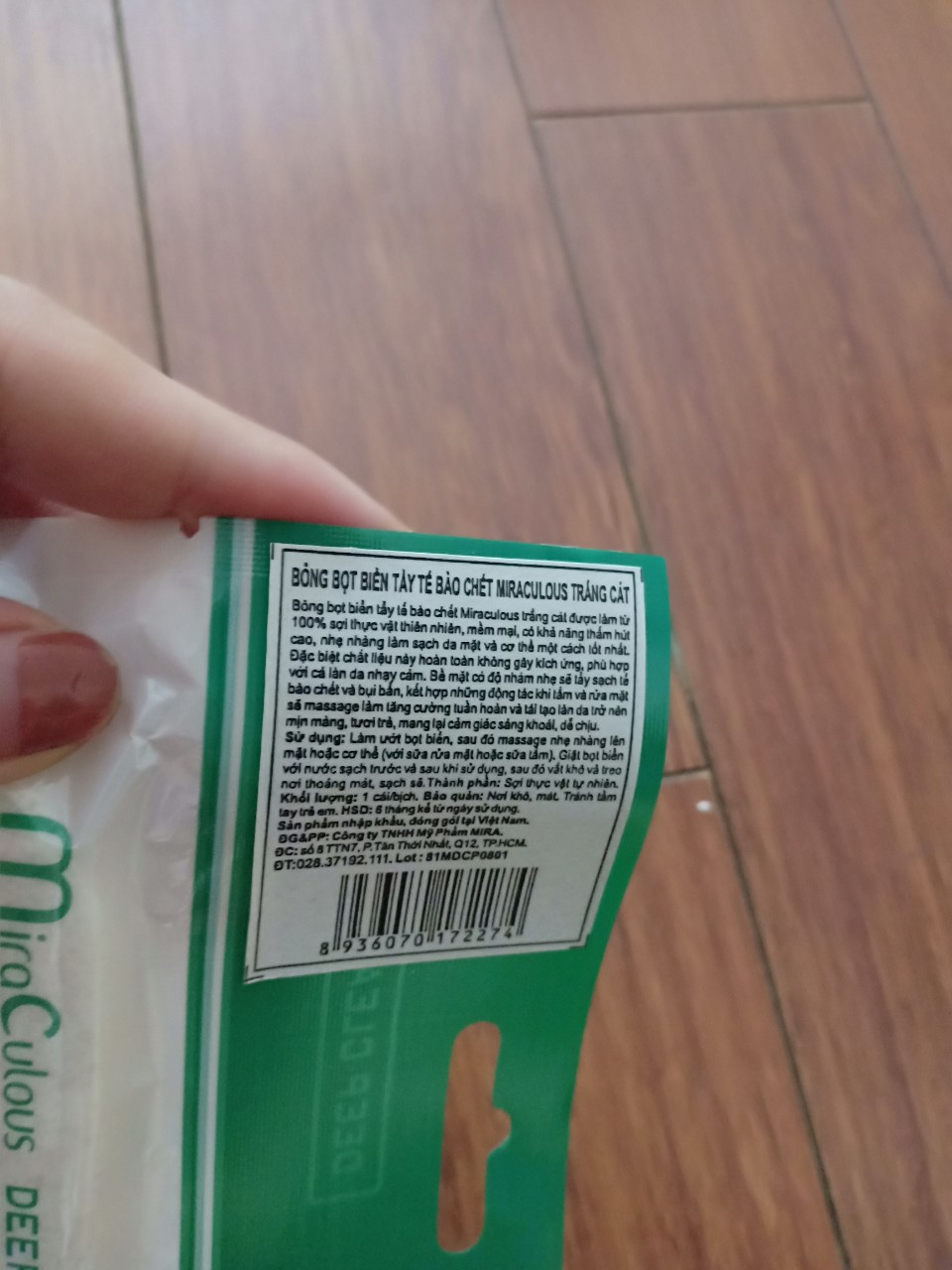 Mua tại TiktokBông bọt biển tẩy tế bào chết Miraculous trắng cát được làm từ 100% sợi thực vật tự nhiên mềm mại, độ nhám nhẹ giúp tẩy tế bào chết đem đến cảm giác sạch sâu, an toàn cho làn da mặt mỏng manh.- Bọt biển được phun nước khoáng để giữ độ mềm dẻo trước khi đóng gói.Hướng dẫn sử dụng Bông bọt biển tẩy tế bào chết SURI- Giặt bọt biển với nước sạch trước khi sử dụng. Sau khi thoa dung dịch tẩy trang, dùng miếng bọt biển massage và lau nhẹ nhàng.- Giặt lại miếng bọt biển với nước và vắt cho khô rồi cất ở nơi khô ráo, sạch sẽ để lần sau dùng tiếp.
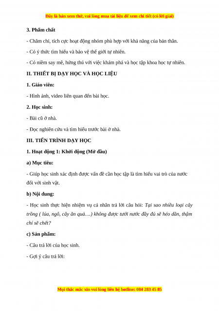 - Giúp học sinh xác định được vấn đề cần học tập là tìm hiểu vai trò của nước đối với sinh vật. b) Nội dung:
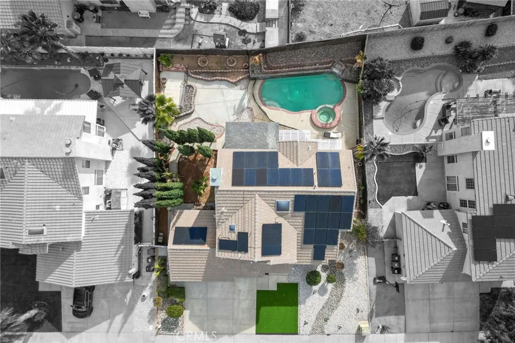 Welcome to your dream home in the highly sought-after Eagle Ranch community! This stunning two-story residence offers 4 spacious bedrooms, 3 bathrooms, and modern upgrades designed for comfort, style, and energy efficiency. Step inside to find a bright and open floor plan featuring a beautifully updated kitchen with newly upgraded countertops, a convenient pantry, and ample cabinet spaceperfect for both everyday living and entertaining. The master suite is a true retreat, complete with a walk-in closet, jetted soaking tub, and plenty of natural light. Three additional bedrooms provide plenty of space for family, guests, or a home office. Enjoy the outdoors in your spacious backyard oasis, featuring a sparkling pool with waterfall and spa, ideal for relaxing or hosting gatherings. The front yard has been recently updated, offering excellent curb appeal from the moment you arrive. Additional highlights include a 3-car garage, solar panels to help reduce electricity costs, and a prime location close to schools, parks, shopping, and major commuter routes. Dont miss this opportunity to own a beautifully maintained home in one of Victorvilles most desirable neighborhoods.
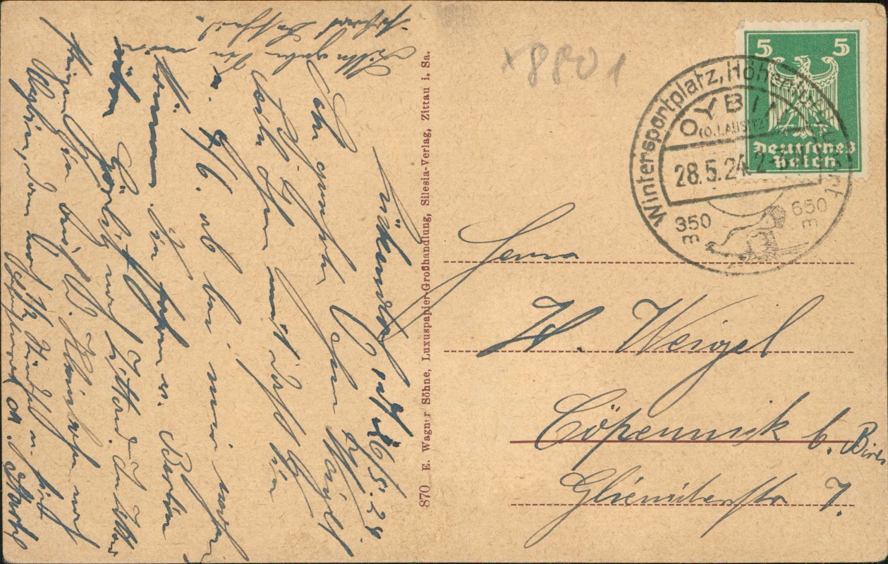 Ansichtskarte: Blick vom Hang auf die Stadt - Lückendorf-Oybin
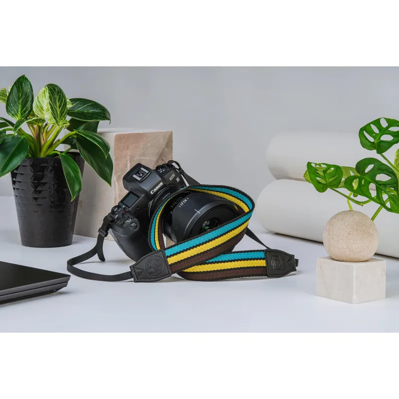 The strap is made from cotton and soft leather for durability and comfort of use. It is compatible with all camera brands and is available in a range of colors to personalize your camera to your liking.
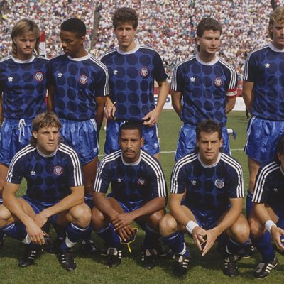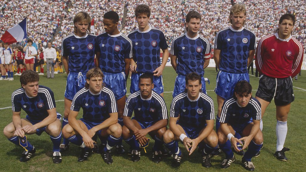 In November 1989, the USA qualified for the football World Cup for the first time in the modern era with a nail-biting 1-0 away win in Trinidad and Tobago. The winning goal was a 30-yard screamer scored by Paul Caligiuri, one of the few professionals in the American team. It is credited with boosting the popularity of the game in the US, and was nicknamed “The Shot Around the World”. Paul Caligiuri talks to Ashley Byrne. (Photo: The US team at the 1990 World Cup. Credit: Getty Images)
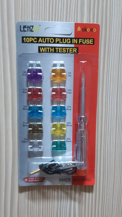 پک کامل تستر فیوز خودرو( برند لنزو )همراه با ۱۰ عدد فیوز شیشه ای
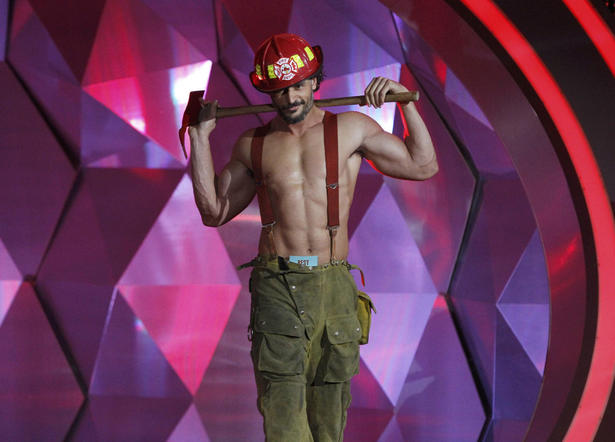 When Joe Manganiello hits the stage after working up with a vacuum cock pump, I want to not only see the results, I want to linger on them.  Instead, we get a fireman costume that would have passed muster on the Disney channel.

━━━━━━━━━━━━━━━━━━━━━━━━━━━━━━

**PROBLEM TO WORK ON:** What do the lines above say from the line containing "The strap is" through the last line? Quote them exactly, both ends included, and leave out the pictures.

**EXPECTED OUTPUT:**
 The strap is made from cotton and soft leather for durability and comfort of use. It is compatible with all camera brands and is available in a range of colors to personalize your camera to your liking.
 In November 1989, the USA qualified for the football World Cup for the first time in the modern era with a nail-biting 1-0 away win in Trinidad and Tobago. The winning goal was a 30-yard screamer scored by Paul Caligiuri, one of the few professionals in the American team. It is credited with boosting the popularity of the game in the US, and was nicknamed “The Shot Around the World”. Paul Caligiuri talks to Ashley Byrne. (Photo: The US team at the 1990 World Cup. Credit: Getty Images)
 پک کامل تستر فیوز خودرو( برند لنزو )همراه با ۱۰ عدد فیوز شیشه ای
 When Joe Manganiello hits the stage after working up with a vacuum cock pump, I want to not only see the results, I want to linger on them.  Instead, we get a fireman costume that would have passed muster on the Disney channel.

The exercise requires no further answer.